Luke 15:20 — "But while he was still a long way off, his father saw him and was filled with compassion for him; he ran to his son, threw his arms around him and kissed him." The father ran. In the ancient Middle East, a patriarch did not run — it was undignified, it was the movement of servants and children, not of men of status. But this father had been watching the road. He recognized his son from a distance. And he ran. He did not wait for the apology. He did not require proof of repentance. He ran toward him while the rehearsed speech was still in his son's mouth.

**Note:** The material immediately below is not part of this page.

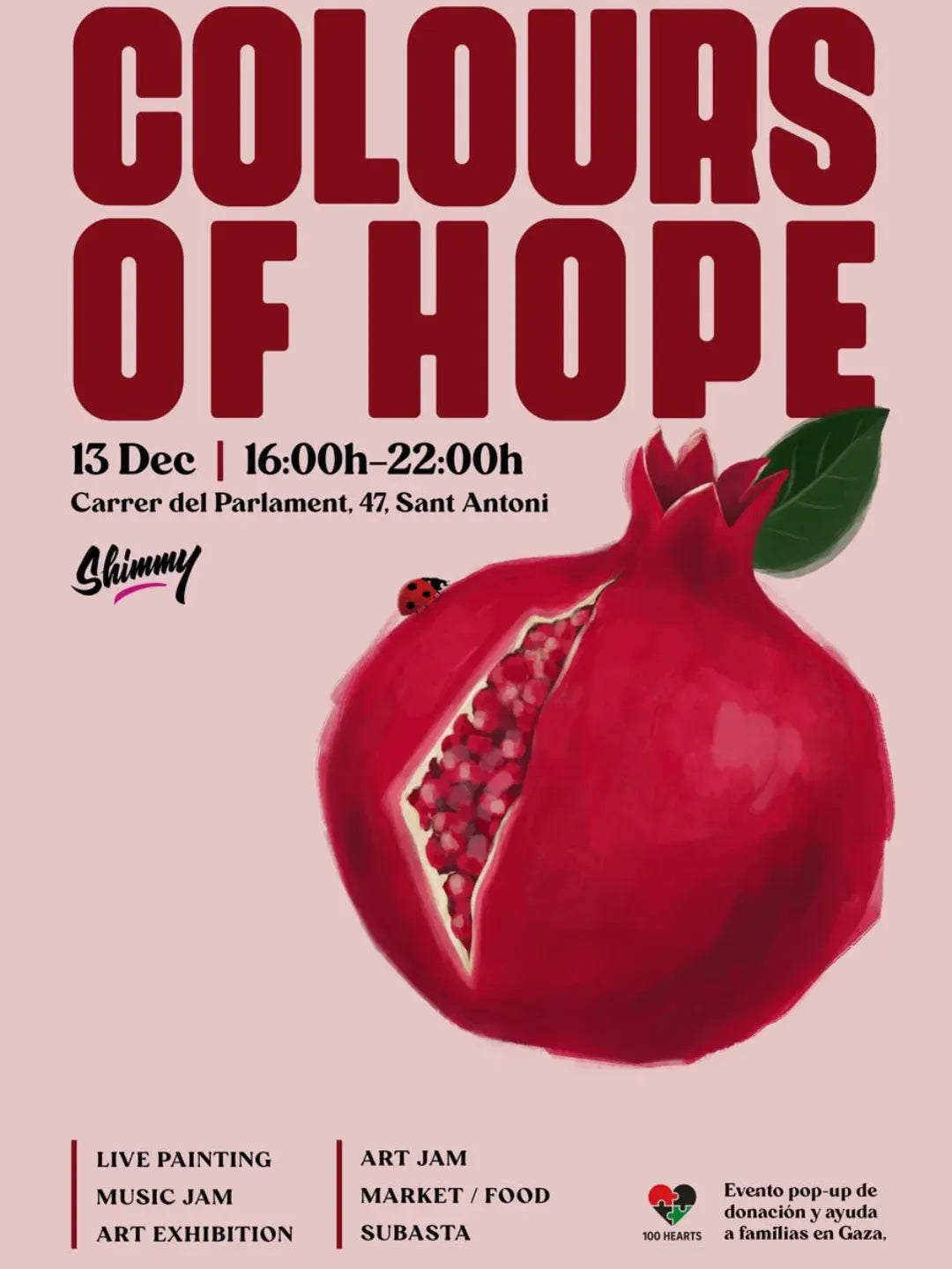 A pop-up event to raise funds for direct humanitarian aid to some families in Palestine we're in touch with. Many thanks to Shimmy for their support and to the artists who so far have offered their work for the event. We will have a market, music, art, auctions... and lots of smiles.

"But while he was still a long way off, his father saw him and was filled with compassion for him; he ran to his son, threw his arms around him and kissed him."

— Luke 15:20

The Older Brother and the Party He Refused to Attend

The story does not end with the celebration. Luke 15:25–32 brings in the older brother — who has been faithfully working in the field and comes home to music and dancing. He refuses to go in. He is furious: "All these years I've been slaving for you and never disobeyed your orders. Yet you never gave me even a young goat so I could celebrate with my friends. But when this son of yours who has squandered your property with prostitutes comes home, you kill the fattened calf for him!" He is not wrong about the facts. And the father does not dismiss his feelings: "Son, you are always with me, and everything I have is yours." But then: "We had to celebrate and be glad, because this brother of yours was dead and is alive again; he was lost and is found." The older brother's story ends without resolution — because Jesus is asking the Pharisees which one of these characters they are, and leaving the answer open for them to sit with.

The Takeaway

Heaven throws a party over one person coming home. God's heart toward the lost is not indifference or judgment — it is passionate, watching-the-road, running-down-the-driveway love. And those who follow Him are called to carry that same heart toward every lost person they encounter.

Which character are you in this story today — the sheep, the coin, the prodigal, or the older brother? And what does your answer reveal about where you are with God?